H2O2 + HSO3- ---> SO4-- + H2O + H+

and implies that the answer to the original question is that OP could have oxidized the bisulfite to sulfate with readily available hydrogen peroxide. I just wouldn't be comfortable dumping hydrogen peroxide into my mash, kettle or beer so I think the thing to do is hope that there were enough oxidizing agents in the wort to take care of things.

The risks with unconverted bisulfite are with respect to yeast health. Vintners use it to biologically stabilize must which means it is not good for yeast (or bacteria). The fact that wine does ferment suggest that it is harder on bacteria than on yeast so perhaps we need not worry about this aspect of it.
 
Somewhere very deep down in my stash of old college books, I recall hiding those that contained that language above. Reminds me of learning the acid base balance in college and poking my eyes out with the pen.

Who would have thought learning that stuff would some day be useful. lol

I will have to take your word for it. But in a month or two, I'll dig up this old thread and post some feedback of what it tastes like.
 
I've used campden tablets to treat the juice when making fruit wine at similar levels you are describing to prevent the wild yeast from fermenting.
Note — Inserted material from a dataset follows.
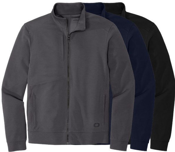
OGIO Hinge Full-Zip OG820 Adult Sizes: XS-4XL | 3 colors

After 24 hrs I added my intended yeast. Packaged wine yeast is usually sulfite resistant not sure about beer yeast. The fact that your beer is fermenting is a good sign. How will it affect the flavor? Time will tell but my wine never tasted like campden tablets.
 
Thank you @ajdelange for the thorough chemical explanation and how pH plays a role which components are present and active at a given pH level.
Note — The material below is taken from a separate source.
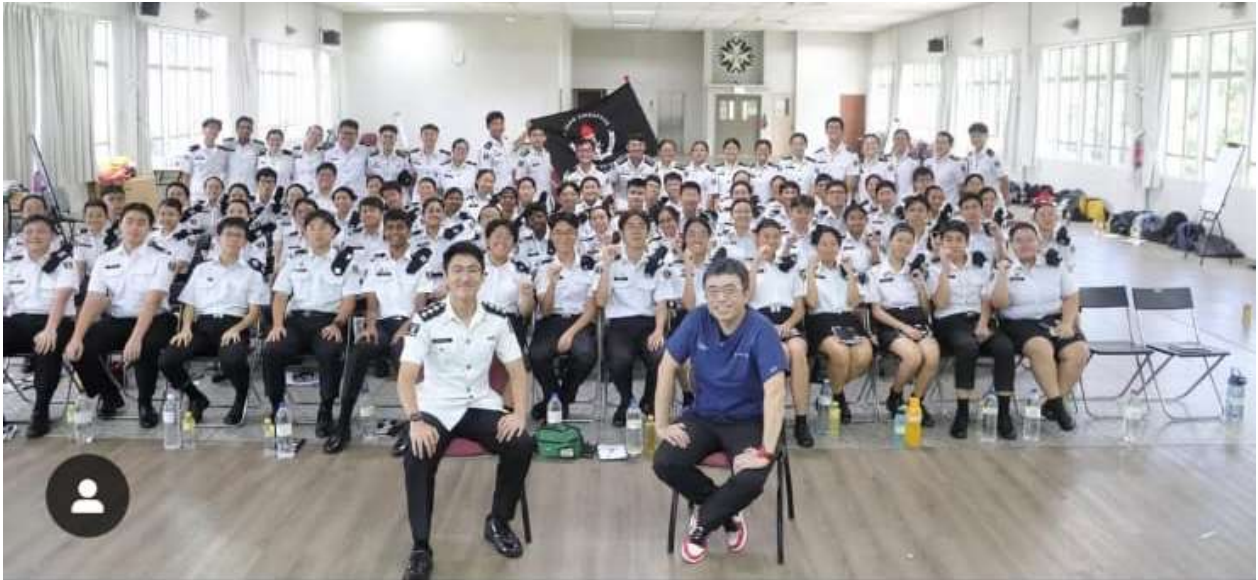
Our Prior, Priory of Singapore officiating at the Commissioning Parade held at HQ Medical Corps

For the users, remember you can "treat" 2 different ways with meta:
  1. As a preservative in fruit juice, wine, cider, etc. killing present microbes and wild yeast. Dosage 1 tablet per gallon (min. 150ppm free SO2)
  2. As an agent to remove Chlorine and Chloramines from water. Dosage 1 tablet per 20 gallons (~7 ppm SO2)
 
Any thoughts on using KMeta as an antioxidant during packaging beer? For example using a solution as the sanitizer.
 
Beer actually contains quite a bit of bisulfite on its own. You may have noticed, particularly with lager strains, the aroma of SO2 wafting through the room with the fermenter. Some brewers add more but you have to be very careful. Bisulfite, you'd think, would be great because it should, for example, be able to reduce diacetyl to acetoin and it can but it also forms adducts which taste worse than the diacetyl. So if want to experiment go very slowly.

I spotted an interesting comment in HBS&Y to the effect that while HSO3- is a great reducing agent yeast are even better and can reduce bisulfite all the way down to sulfide. Not a very pleasant prospect that!